The last school bell brings visions of kids joyfully running out of the classroom until the fall and of teachers moving on to a summer job or enjoying some much deserved time for themselves. Interestingly, however, if you Google ‘teacher summer’ one of the suggested topics that comes up is ‘teacher depression during summer’. If you click on the links, you find a very different story about how many teachers feel in the summer.
On Reddit one user states “Anxiety/depression in the summer? I spend all year looking forward to summer break, and then, when it finally arrives, I’m hit with intense anxiety and depression. Anyone else feel this?” Numerous comments to this user suggest that many feel the same for a variety of reasons.
Common Reasons for Summertime Stress in Teachers (according to teachers on social media)
- Money – during the summer, so many of us take trips and visit family, but for teachers, the teacher 10-month income option can mean tightening belts during the summer and missing out on all of the fun.

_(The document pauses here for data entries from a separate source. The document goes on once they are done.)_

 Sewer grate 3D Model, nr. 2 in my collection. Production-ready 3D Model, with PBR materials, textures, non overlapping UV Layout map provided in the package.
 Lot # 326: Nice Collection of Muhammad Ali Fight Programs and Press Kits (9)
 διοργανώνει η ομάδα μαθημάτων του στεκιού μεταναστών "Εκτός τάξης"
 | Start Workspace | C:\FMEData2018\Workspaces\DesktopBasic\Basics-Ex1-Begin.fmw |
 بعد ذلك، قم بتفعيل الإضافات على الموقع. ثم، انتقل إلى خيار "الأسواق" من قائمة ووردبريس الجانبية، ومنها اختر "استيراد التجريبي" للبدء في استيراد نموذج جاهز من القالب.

- Human Interaction – during the school year teachers are surrounded by students, parents and administrators. While we’re sure they long for a little peace and quiet during the school year, summer can be a little too quiet for many.
- Purpose – teachers have so much purpose during the school year that the less structured days of summer can lead to anxiety.

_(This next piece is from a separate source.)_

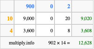 That's all there is to it! As you can see from the box above, the answer to 902 times 14 using the box method is 12,628.

But it isn’t just social media talking about summertime depression. According to WebMD’s article Tips for Summer Depression, “Especially hard is that you feel like you’re supposed to be having a great time. Everyone else seems so happy splashing in the water and sweating in their lawn chairs. So why can’t you?”
Beating the Summer Blues. Tips for Teachers, By Teachers
“I opted in to get pay checks year round. The first summer I didn’t and it wasn’t easy, but now I love summers.”
“I grew really close to some coworkers this year though so I’m gonna try to see them twice a week. The rest of my friends are still working but I will try to see my teacher friends more often”
Beating the Summer Blues. Tips from the Experts
WebMD has some simple tips for summertime depression:
- If you feel you need help, get help. “Even if your depression will resolve in September, that’s no reason to ignore it in June.”
- Take care of yourself. Make sure you’re sleeping enough and getting exercise – just don’t overdo it. “Don’t kick off the summer with a frenzy of dieting and exercise in order to fit into last year’s bathing suit. It’s bound to make you unhappy and anxious.”
- Plan carefully. Don’t do things just because you feel like “everyone is doing them”. Think carefully about what you want out of the summer and what’s going to be the most rewarding use of your time.
To get connected on this topic, you can follow #SeasonalAffectiveDisorder on Twitter, Seasonal Affective Disorder on Pinterest, or the Summer SAD group on Facebook. And, here are 10 Summer Depression Busters. Summer can be a rewarding time for teachers, but if you’re feeling down or stressed, know that you’re not alone.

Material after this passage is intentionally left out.